To further distinguish MDCK cells in S phase from those in G1 and G2, S-phase cells were identified in asynchronous populations by briefly labeling with BrdU. The APC staining pattern did not vary in BrdU-positive (S-phase) cells of asynchronous MDCK populations (Fig. (Fig.1B).1B). In summary, APC localized to both the cytoplasm and the nucleus in subconfluent MDCK cells, with a predominantly nuclear distribution. Cytoplasmic APC was dispersed throughout the cell, with concentration near a single edge. The subcellular distribution of APC did not change during the G1, S, and G2 phases of the cell cycle and was comparable using any one of three different APC antibodies for the immunofluorescence analysis. In mitotic cells, APC was excluded from chromatin.

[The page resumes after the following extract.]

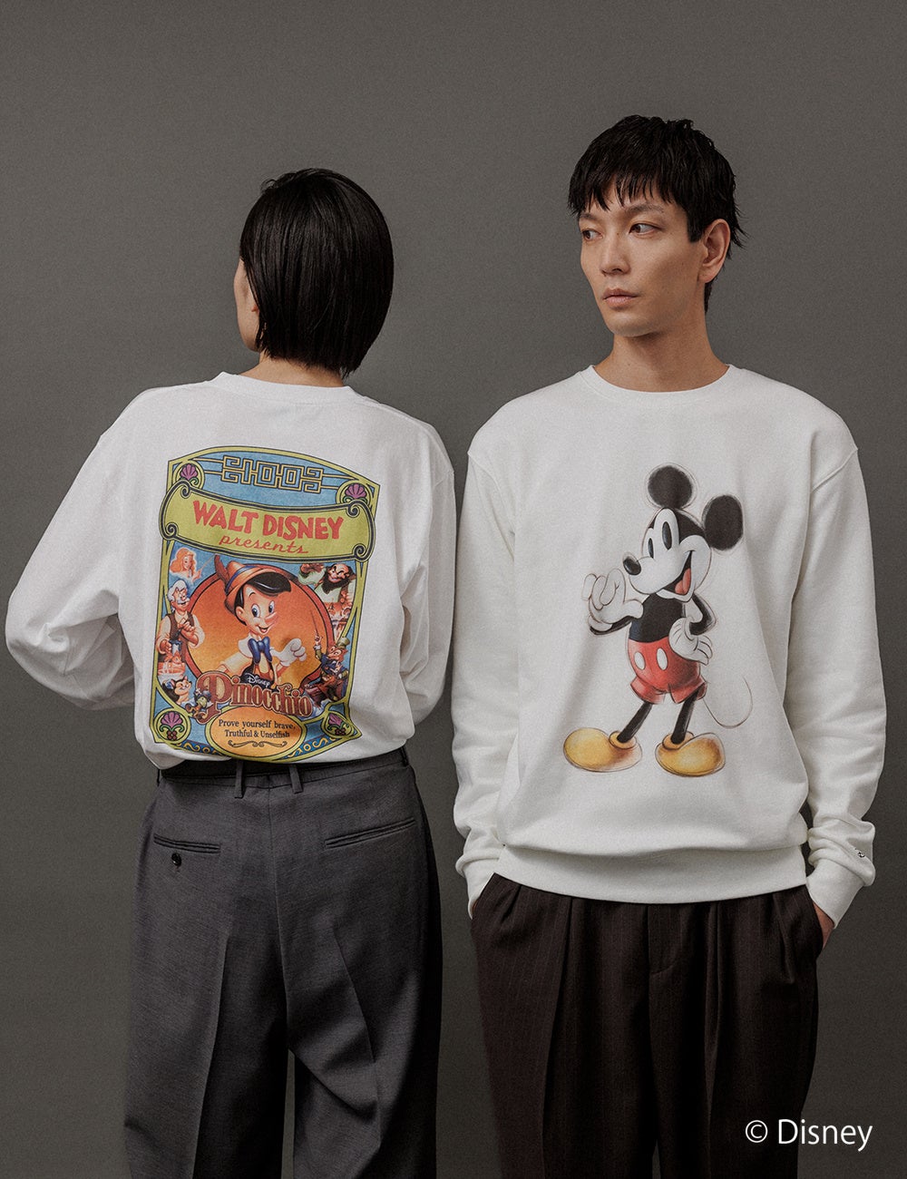 フロントにミッキーマウス、バックにミニーマウスのレトロ感のあるグラフィックのプリント、フロントに映画『白雪姫』に出てくる青い鳥、バックに白雪姫のグラフィックがプリントされた2種類のデザインのコットン素材のスウェットです。
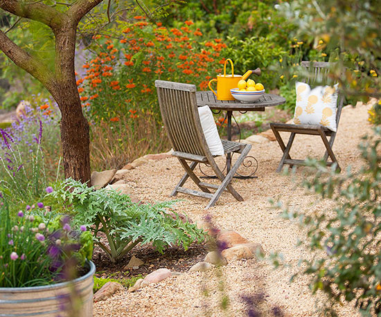 Jeśli masz w ogrodzie duże drzewa z gołymi, niezagospodarowanymi przestrzeniami pod nimi, wykorzystaj to miejsce dla stworzenia odkrytej przestrzeni życiowej. W tym małym ogrodzie, gdzie kilka rosnących drzew ogranicza założenie trawnika czy rabaty kwiatowej dodaj stół i krzesła.

Reasoning that APC might function in the context of the colonic crypt to restrict cellular proliferation, we tested whether APC location differed in subconfluent (proliferating) cells versus superconfluent (G0) cells. In contrast to subconfluent cells, in which APC was located predominantly in the nucleus and somewhat in the cytoplasm, in G0 cells, obtained by maintaining the MDCK cells for several days after they reached confluence, APC was more evenly distributed between the cytoplasm and nucleus (Fig. (Fig.2).2). This striking redistribution was observed in cells stained using any one of a panel of APC antibodies including two monoclonal antibodies (Ab-1 and Ab-4) and two polyclonals (N-15 and C-20). These antibodies were raised against the N terminus (Ab-1 and N-15) and C terminus (Ab-4 and C-20) of APC and have been used routinely for APC recognition. Use of the nuclear marker TO-PRO-3 and confocal microscopy to collect images insured proper classification of the cytoplasmic and nuclear compartments. APC signal was fully attenuated with APC peptides containing the appropriate epitope (data not shown). Additionally, intestinal epithelial cells displayed a similar density-mediated redistribution of endogenous APC, showing predominantly nuclear APC in subconfluent cells and predominantly cytoplasmic APC in superconfluent cells (data not shown). These data indicate that the subcellular distribution of APC is influenced by cell density.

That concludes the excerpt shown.